Malone works Harlem, Inwood, Washington Heights.

Seventh grade is late.

“I’ll talk to him.”

“Not today, though.”

“No, not today.”

They hear voices from upstairs.

“Game time,” Malone says.

He’s standing at the bottom of the stairs when his kids come pounding down, their eyes lit up at the sight of the presents under the tree.

“Looks like Santa came,” Malone says. He isn’t hurt that they squeeze past him to get to the loot. They’re kids, and anyway, they come by it honest.

“PlayStation 4!” John screams.

Well, there goes my present, Malone thinks, knowing no kid needs two PlayStations.

How could they have grown so much in two weeks, he wonders. Sheila, she probably don’t notice because she’s with them every day, but John is shooting up, just starting to get a little gangly. Caitlin has her mother’s red hair, although it’s still really curly, and those green eyes. I’m going to have to build a guard tower on the house, keep the boys away.

His heart hurts.

Shit, he thinks, I’m missing my kids growing up.

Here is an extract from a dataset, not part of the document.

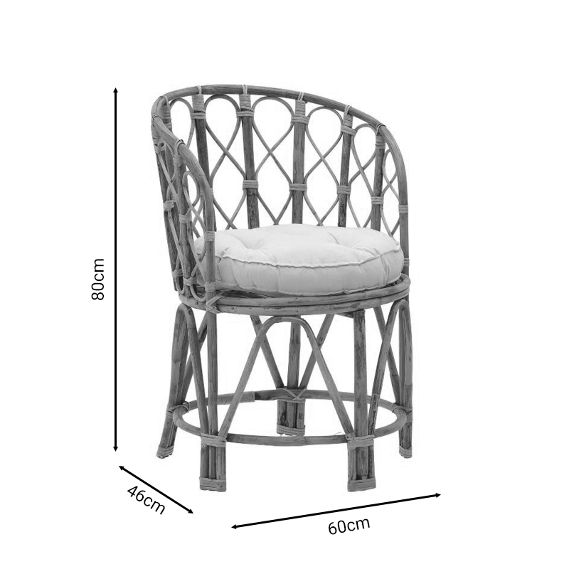 * Κατασκευή από cane εξαιρετικής ποιότητας με μεγάλη αντοχή σε φθορά, χρόνο και χρήση. Το "cane" αναφέρεται συνήθως στο υλικό που προέρχεται από το φυτό "rattan" (ρατάν), το οποίο είναι ένας τύπος φυτού που ανήκει στην οικογένεια των palm. Το ρατάν είναι γνωστό για την ευκαμψία και την ανθεκτικότητά του και χρησιμοποιείται ευρέως στην κατασκευή επίπλων και διακοσμητικών αντικειμένων. ίναι δημοφιλές λόγω της φυσικής του εμφάνισης και της δυνατότητάς του να προσθέσει έναν αέρα φυσικής γοητείας στον χώρο.

He sits down in the same easy chair he used to every Christmas when they were still together and Sheila sits on the same cushion on the sofa.

Traditions are important, he thinks. Habits are important; they give the kids a measure of stability. So he and Sheila sit and try to establish some order and make the kids take turns so their Christmas isn’t over in thirty seconds, and Sheila enforces a torturous break for cinnamon rolls and hot chocolate before they go back to the presents.

John opens Malone’s gift and feigns enthusiasm. “Oh, wow, Dad!”

He’s a kind kid, Malone thinks. Sensitive. Can’t let him go into the family trade, it would eat him alive.

“I didn’t know Santa was handling this,” Malone says, a subtle dig at Sheila.

“No, it’s great,” John says, improvising. “I can have one upstairs and one downstairs.”

“I’ll take it back,” Malone says. “Get you something different.”

John springs up and wraps his arms around Malone.

It means everything.

Gotta keep this boy off the Job, he thinks.

Caitlin loves her Barbie set. Comes over and gives her dad a big hug and a kiss on the cheek. “Thank you, Daddy.”

“You’re welcome, honey.”

She still has that kid smell.

That sweet innocence.

Sheila is a great mom.

Then Caitlin breaks his heart. “Are you staying, Daddy?”

Crack.

John’s looking up at him like he didn’t even know this was a possibility but now he’s hopeful.

“Not today,” Malone says, “I have to work.”

“Catching the bad guys,” John says.

“Catching the bad guys.”

You’re not going to be me, Malone thinks. You’re not going to be me.

Caitlin, she ain’t giving up. “When all the bad guys are caught, will you come home?”